My parents came on the very first Saturday. I was greatly surprised because I did not tell anything to anyone when leaving for Romny. As it turned out, the following day my landlady informed them of my absence, they called SMP-615 and were told where I got off the bus the day before. At the bus station, someone also recollected seeing me, and the tangle got unraveled…
We met on the landing in front of the door to the fifth unit, one of the long benches was vacant and we got seated along it, in one row. My mother, pushed the fluffy kerchief back from the head onto her shoulders and said, "How's that, sonny?" and she started to cry,
My father, so as to calm her down and in the way of consolation, announced, “Again! Started again!" He did not take off his fur hat, and did not cry, but kept his eyes directed at the bench opposite, where another pair of parents fed all the goodies from their cellophane packet to their shut-in – a crazy guy who did not talk at all because he had been bitten by an encephalitic tick.
I also was eating all sorts of homemade cakes and buns brought by my mother, and Eclair cakes with custard filling from the cooking shop by the Under-Overpass, because she knew what I loved. There was also lard in the cellophane packet to take it with me, but I flatly refused. So, at the end of the visit, my mother handed the bag to the nurse for storing it in the dispenser room shelving. Still and all, I declined going to the dining room when they yelled from the corridor to come and eat deliveries. For the principle's sake…
On the following Saturday, my brother and sister came instead of our parents. My brother had no hat on his head, but he frowned just like our father and said, "Why, Sehryoga? It's no good you do it."
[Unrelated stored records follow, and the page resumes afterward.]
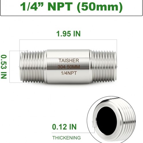 TAISHER 2PCS Stainless Steel Pipe Fittings, 1/4″ NPT Male x 1/4″ NPT Male Threaded, 2″ Length Thickened Nipple Cast Pipe
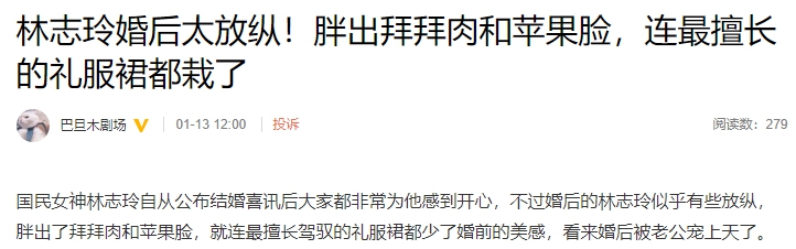 從網路上的影片中可以看到,林志玲穿著非常貼身的金色亮片洋裝,大方地展露曼妙的性感曲線,不管怎麼看都能讓人感受到她的火辣,不過衣服可能是真的太緊,讓志玲姊姊的腋下竟然炸出了副乳,整坨肉肉就這樣原形畢露,從胸部與手臂之間被擠了出來!讓網友們看到都紛紛直接在微博上表示,「林志玲婚後太放縱…看來婚後被老公寵上天了!」還有不少人看完現場照片之後,紛紛表示,「林志玲不只胖了手臂,昔日的尖瓜子臉也不見」、「看來結婚後很是放縱,沒有進行好身材管理!」。
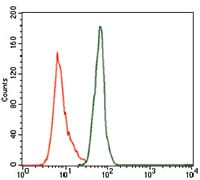 Flow cytometric analysis of MOLT4 cells using PPP1CC mouse mAb (green) and negative control (purple).
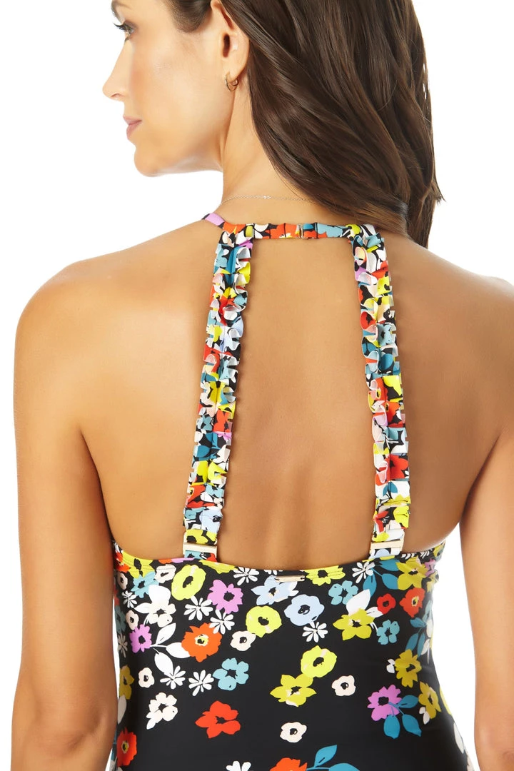 Make a splash at the beach with this eye-catching High Neck Swimsuit with Ruffle Straps. This one piece swimsuit features a beautiful high neck design and a bright floral print that will turn heads in any setting. Elegant ruffle straps and shirred sides ensure a figure-flattering fit for your silhouette. You’ll be lounging in all day comfort and style under the sun.
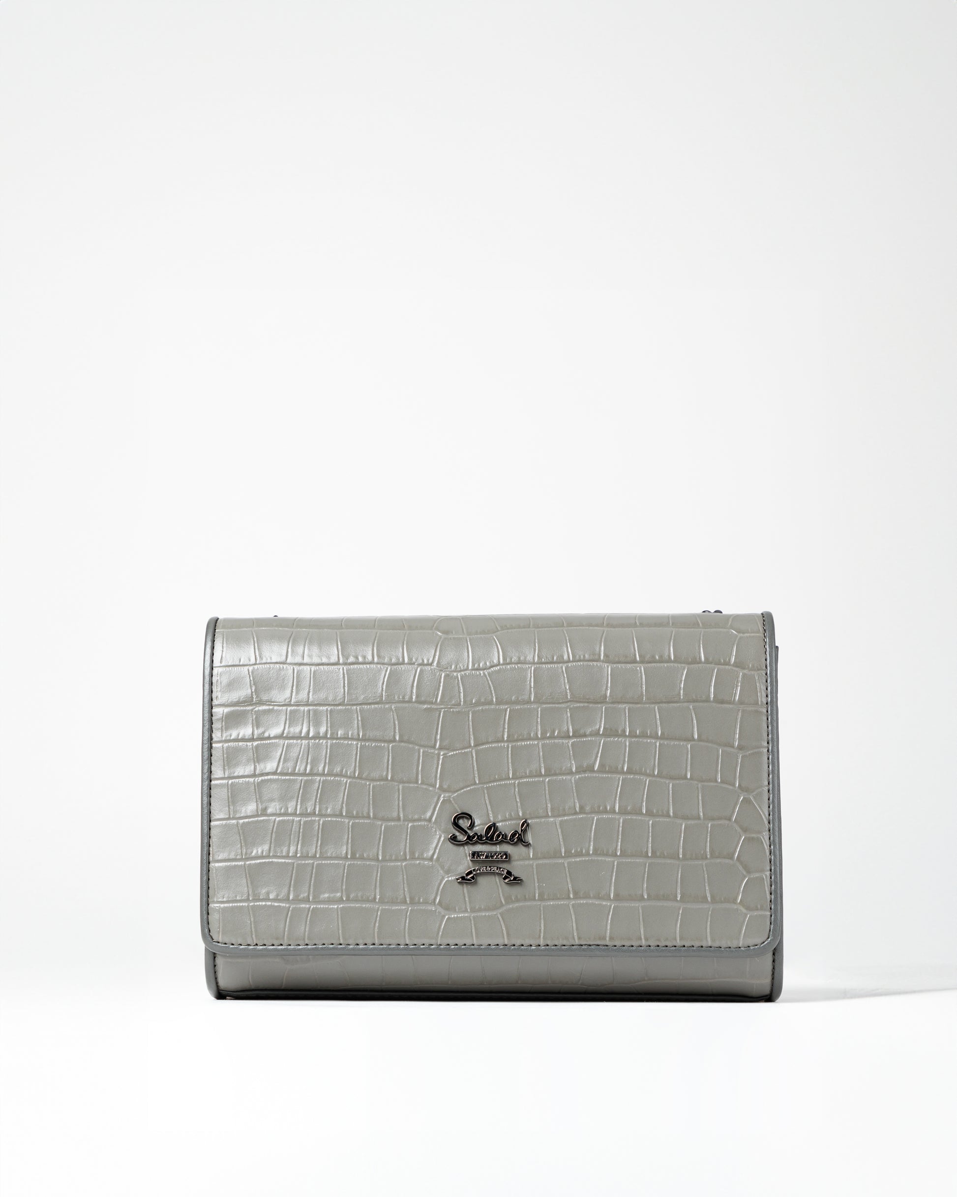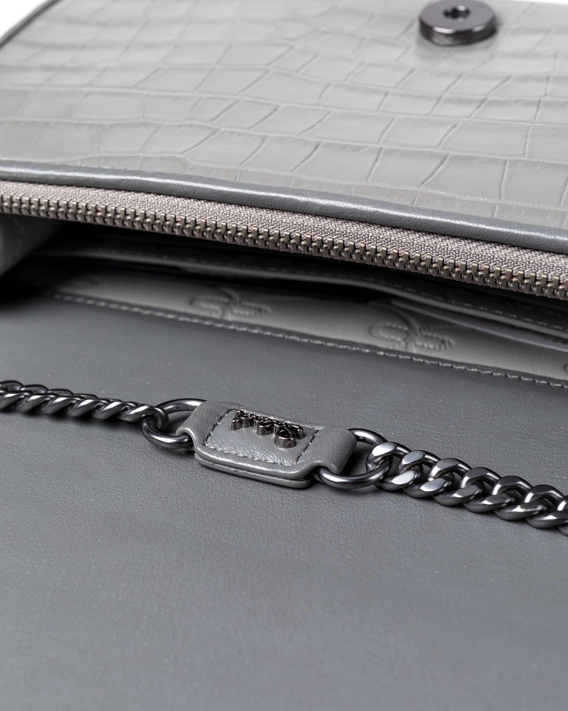 Interior zippered pocket, four credit card slots, flat side pockets, sliding pocket with magnetic closure on the back, adjustable chain-trimmed leather shoulder strap
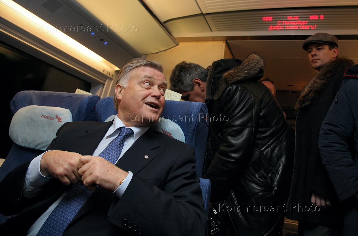 Президент ОАО "Российские железные дороги" (РЖД) Владимир Якунин (слева) в вагоне первого рейса…

As for Natasha, she did not cry but kept upbraiding me, "Tell me just one thing – you really need it? Well done, good fellow!" She said that Eera did not come, although she phoned her so that she knew.
Eera never came to Romny, but I understood that she had to look after the baby… On March 8, they brought a gurney to the corridor with a pile of free postcards for the holiday. I filled one out to Nezhyn with congratulations and love for Eera. While writing, I was horrified by the ugly quiver in the message lines, and the handwriting was anything but mine. Probably, because of injections…
~ ~ ~
The head doctor of the fifth unit never started whim-wham discussions of my preferences in music, she was busy with curing me. I was injected with iminazine intramuscularly, 3 times a day. An initial couple of days, it still could be tolerated, but later there remained no intact spot in the buttocks. One shot got upon another, sore nodules cluttered my ass and turned it into a terrain of tightly swollen knolls, it became difficult to even walk along the corridor, leaving any orbiting out of question. Besides, the skin down there, denied any time for regeneration, started bleeding, not too profusely but constantly, the hospital underpants soaked thru and stained the pajamas from inside.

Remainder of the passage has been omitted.